Поскольку этот приём стал основой для «маленьких киноэкранов» в «Красном Колесе», автор в интервью 1976 года с Н. А. Струве должен был особо пояснить, чем его содержание отлично от «киноглаза», применявшегося американским романистом 1920–х годов Дос Пассосом: «Его киноглаз — это не сценарий. Если Вы посмотрите Дос Пассоса — снимать фильма по киноглазу нельзя. Почему он так его назвал? Это скорей лирические отрывки. Лирические — а я ставлю задачу именно, как если бы происходила киносъёмка. Перед этим у меня был опыт, я написал сценарий «Знают истину танки». Без всякой надежды, что его когда‑либо при моей жизни снимут. Я должен был изобрести такую форму, чтобы читатель, читая киносценарий, уже увидел фильм. Фильма пусть не будет, а он уже его видел. И такую я изобрёл форму расположения там, чтобы было читателю легче, не труднее, а легче было видеть, где звук, где кадр, как снимается, где говорят. И эту форму я потом повторил в своих маленьких киноэкранах» (X, 527).
Наконец, сценарий кинокомедии «Тунеядец» был создан по заказу «Мосфильма» — хотя заранее «ясно было, что поставлен не будет», что и подтвердилось: «Едва сценарий сдан в «Мосфильм» в ноябре 1968 года — тотчас же остановлен «сверху» (VIII, 593).
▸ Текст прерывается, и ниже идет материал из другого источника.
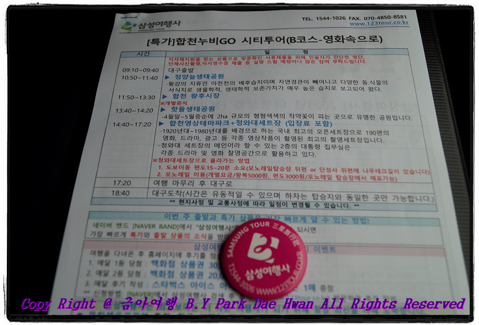 "여행은 모든 세대를 통틀어 가장 잘 알려진 예방약이자 치료제이며 회복제이다" 라는 명언이 있습니다. 여행 떠나기 좋은 이 시기에 저는 5월6일 합천 누비GO 시티투어 B코스 영화속으로 여행을 다녀왔습니다.

В «Телёнке» о нем сказано следующее: «Выполняя договор, благородно навязанный мне.., я тужился подать им сценарий… (о наших «выборах»)… наверх, к Демичеву, он подавался тотчас и получал абсолютно запретную визу… Твардовский с редакторским сладострастием выпрашивал у меня тот сценарий в тайной надежде: а вдруг можно печатать? — и возвращал с добродушной улыбкой: «Нет, сажать вас надо, и как можно быстрей!» (Т, 244). Прообразом одного из героев «комедии» послужил незадолго до своей смерти лагерный знакомец Солженицына, боевой офицер–моряк Георгий Тэнно — настоящий герой потрясающих глав «Архипелага» о побегах.
IX‑X. ПУБЛИЦИСТИКА
Два тома солженицынской публицистики занимают почти тысячу страниц убористой печати. Девятый — «Статьи и речи» — разделён на две части: «В Советском Союзе (1969–1974)» и «На Западе (1974–1980)».
Советская часть открывается Нобелевской лекцией, не так давно чуть было не появившейся наконец в отечественном издании, но в последний момент 12–й номер «Нового мира» за 1988 год с её текстом был доблестно раскидан по указанию Старой площади — хотя она и посвящена исключительно литературно–нравственным вопросам (лекция все‑таки вышла в 1989 году, № 7).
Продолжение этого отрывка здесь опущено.